Неужели я обману великого Яна? Ее звали Аснат. Да, я побывал в ее мастерской. Но она не стала бы рассказывать Яну все подробности. И что с того, что он и сам догадался.
— А что, неплохая художница, не хуже Гитлера. Думаешь, на сей раз обойдется?
— Не мог ли бы ты дать о ней статью, например, в Гаарец? — спросил Ян и улыбнулся моей шутке. Я промолчал целую терцию.
— Запросто! — только теперь я оценил тонкий маневр с ее появлением на вернисаже рядом с Яном, анонимную скромность и, наконец, моё появление в её мастерской, — Поговори с кем надо, уточни объем статьи, фотки…
Мы обсудили некоторые детали, чтобы похвала не была нарочитой. Ян подсказал, кого не следует задевать. И, о «халва-аллах», перешли к десерту. Ян настроит мое зрение, поможет увидеть пропущенное мною в мастерской Аснат. Я никогда не мог угадать, что расскажет Ян. И так же ни разу я не был разочарован. Он одаривал уроками магии, нужно было только предаться его рассказу.
Наша группа туристов собиралась у входа в национальный парк. Возращались мы сюда по длинной расселине, точнее, по пересохшему еще в древности руслу зимней реки. Оно пролегало между высоких карминовых скал, каждую из которых хотелось сохранить в памяти.
Сегодня мы уже встретили туманный рассвет в Лунной Долине, в багровой пустыне Вади Рам. А сейчас мы завершали утомительный поход к набатейской Петре.
В числе первых туристов остановился и я, ожидая остальных. Метрах в семи-десяти от нас арабские проводники приводили в порядок лошадей, на которых только что привезли группу пожилых американцев.
Арабы держались прямо. Это были стройные, а то и худые молодые люди. В своих коричневых кандурах с длинными рукавами они казались выше своего среднего роста. При безветрии их запылившиеся облегающие халаты беспомощно висели на них, как на вешалках. Несомненно это были хашимиты. Правящая королевская династия не допустила бы к работе в этом престижном и доходном месте левантинцев, сирийцев, иракцев или других своих сограждан-беженцев. Хлопот и без них хватает.
Каждый хашимит знает, что он происходит из хамулы Banū Hāshim.

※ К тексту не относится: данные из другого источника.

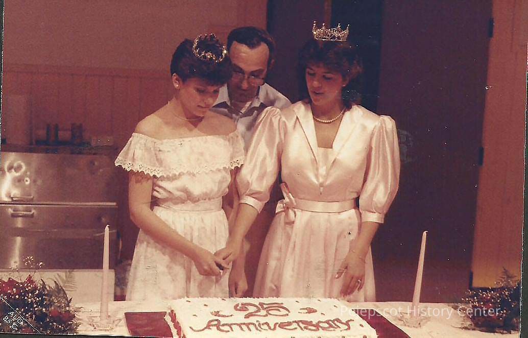 Reception A color photograph of newly elected Teen Queen Beth Wentworth, Miss Brunswick Patricia Stuart cutting the cake while Gene Gagne Pageant Director looks on. Photographers # 6-3.
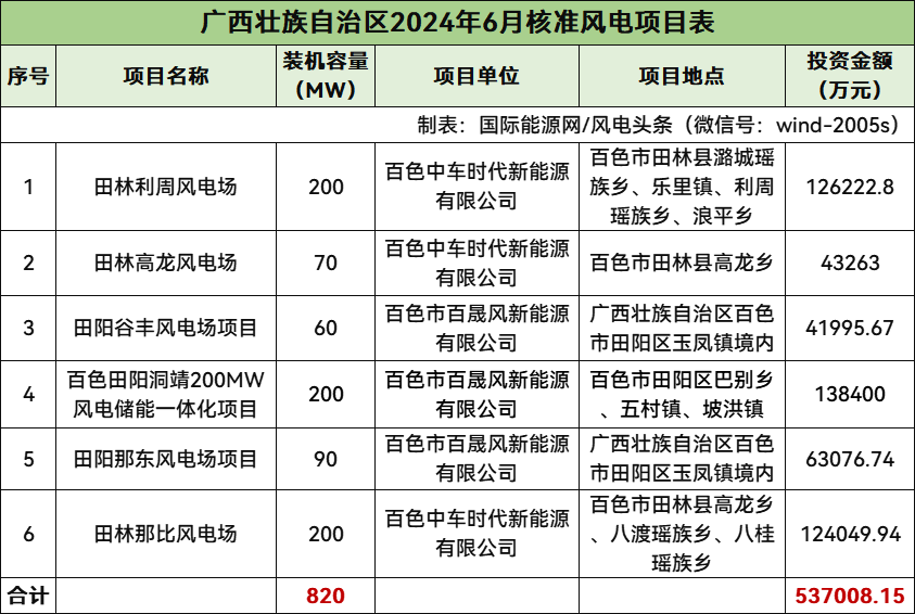 廣西核準6個風電項目,總規模820MW,總投資537008.15萬元,均為陸上風電項目。

Эта некогда захудалая небольшая семья, одна из хамул племени курейшитов, хранителей Каабы, исчезла бы, как и многие другие, в песках Аравии, если бы не сирота-пастушок по имени Мухаммед. Это он поднял умму, народ ислама, и с нею свой не особенно приветливый к нему клан. В Заиорданьи кочевники хашимиты осели, благодаря интригам Лоуренса Аравийского, после распада Османской империи.
Один из проводников заметил мой внимательный взгляд. Он уже начал чистить своего жеребчика, но чуть помедлил, дождался порыва ветра и тогда провел широкой щеткой по ребрам своего конька. Ветер подхватил счищенную им пыль и помел ее в нашу сторону. Дуновение было слабым и жест был скорее символический. Мои попутчики не обратили на это внимание и отвернулись, я же прикрыл лицо рукой, хотя и без необходимости. Мы смотрели друг на друга, понимая, что ничего больше не произойдет. Не отводя глаз, я пошарил рукой в кармане, улыбнулся и швырнул ему под ноги квотер за спектакль. Он не шелохнулся. Я повернулся к своим. Тогда он поднял монету и, разгибаясь, наткнулся на мой безразличный взгляд сквозь него.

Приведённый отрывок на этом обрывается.